Even if it is reopened, Cook said, he and other city officials have made it clear to Christensen that they are offering her no guarantees or first options to operate pier concessions once the new $10-million pier is built within three years.

The city has offered to relocate Christensen in a trailer at the foot of the pier, but she would not be allowed to sell beer--an offer she rejected. The city also has promised to buy her inventory, compensate her for her perishables, even employ or find jobs for her workers, most of them teen-agers.

“I went to high school with her kids,” Community Services Director Max Bowman said. “So nobody is enjoying this.”

Some of her loyal customers think all of this is pretty awful, and they are meeting for companionship Saturday night and every Saturday after that on the sand at Beach Boulevard and Pacific Coat Highway, lifeguard tower No. 17, “in honor of Ella and . . . Neptune’s.”

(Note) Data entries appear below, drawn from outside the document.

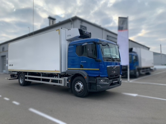 Екстер'єр MAN TGM 18.250: Міцна рама з оптимальним профілем для надбудов, центральний вхід з кутом відкриття дверей 89° і неслизькими сходинками. Аеродинамічні елементи та освітлення підвищують маневреність у місті. Широкий огляд завдяки великому полю зору та низькому звису.
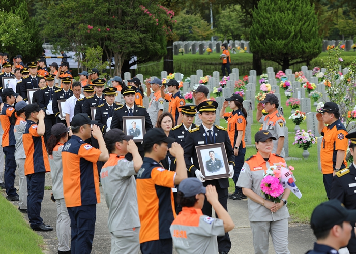 서울시 소방재난본부는 8월 26일 국립대전현충원(소방공무원 묘역)에서 순직 소방공무원 6位(위)에 대한 합동 안장식을 거행했다고 밝혔다. 이번 안장식은 지난 2023년과 2024년, 사망 시기와 관계없이 국립묘지 안장이 가능하게 되고 안장 자격도 ‘위험직무순직자’에서 ‘일반순직자’까지 확대되게끔 `국립묘지법 시행령`이 개정됨에 따라 이뤄지게 됐다. 이에 서울소방재난본부에서는 올해 국립묘지 안장 예정인 순직 소방공무원 총 23명 중 유가족과 협의된 6명을 먼저 국립대전현충원에 안장했으며, 나머지 17명에 대해서도 연말까지 국립서울현충원에 안장될 수 있도록 차질 없이 준비를 이어갈 방침이다. 이날 행사에는 유가족을 비롯해 소방청, 의용소방대, 재향소방동우회, 순직소방공무원추모기념회 등 200여 명이 참석한 가운데 ▲헌화 및 분향 ▲추모사 ▲합동 안장 순으로 엄숙하게 진행됐다. 서울소방재난본부 권혁민 본부장은 추모사에서 “국민 안전을 위해 사명을 다하다 순직하신 선배님들께 깊은 경의를 표하며, 유가족분께도 진심 어린 위로의 말씀을 드린다”며 “순직 소방공무원의 헌신이 사회 전반에서 존중받을 수 있도록 예우를 강화하고 추모 문화를 확산해 나가는 데 힘쓸 것”이라고 말했다. 한편 서울시는 지난 2023년 제정한 `서울특별시 순직·공상 소방공무원 지원 조례`에 따라 순직 소방공무원 자녀 장학금, 유가족 건강검진 등 유가족 예우 지원을 이어 나갈 뿐 아니라 순직 소방공무원 및 유가족에 대한 추모·예우 정책도 더욱 강화할 계획이다. 지난 2001년 홍제동 주택 화재 사고 때 순직한 소방공무원 6명의 희생을 기리기 위해 지난해 홍제동 일원에 ‘소방영웅길’을 조성, 명예 도로로 지정했으며 매년 추모행사·시민 답사 프로그램을 진행하는 등 고귀한 희생정신을 기리고 그 숭고한 뜻을 함께 새길 수 있는 자리를 마련할 예정이다. 권 본부장은 “순직 소방공무원의 희생은 국가, 시민 모두가 함께 기억하고 감사해야 할 숭고한 가치”라며 “앞으로 유가족을 위한 제도적 지원을 더욱 강화하고, 소방 영웅의 정신을 길이 계승하기 위해 최선을 다해 나갈 것”이라고 전했다.
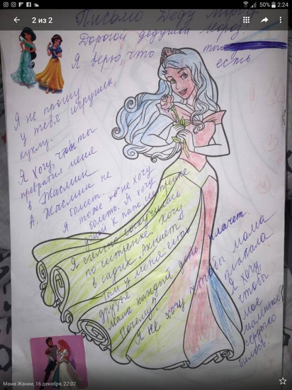 "Дорогой Дедушка Мороз, я верю, что ты есть. Я не прошу у тебя игрушек и кукол. Я хочу, чтобы ты превратил меня в Жасмин, а Жасмин не болеет. Я тоже не хочу болеть, я хочу домой, к папе, к сестренке, я сильно соскучилась по сестренке. Мама каждый день плачет. Почему? Я не хочу, чтобы мама плакала, я хочу, чтобы мое маленькое сердечко билось", - говорится в послании, которое растрогало жителей города.

How long all of this rallying behind the feisty pier institution will last remains to be seen, Christensen says. For now, she is taking it one day at a time.

On Wednesday, Christensen spent the morning reading newspaper stories about her predicament over breakfast, then went down to the city’s beachfront lifeguard headquarters for clearance to enter the gated-off pier. No problem, they said. Every lifeguard she encountered--there were a dozen--she greeted by name, with an “I miss you” exchanged.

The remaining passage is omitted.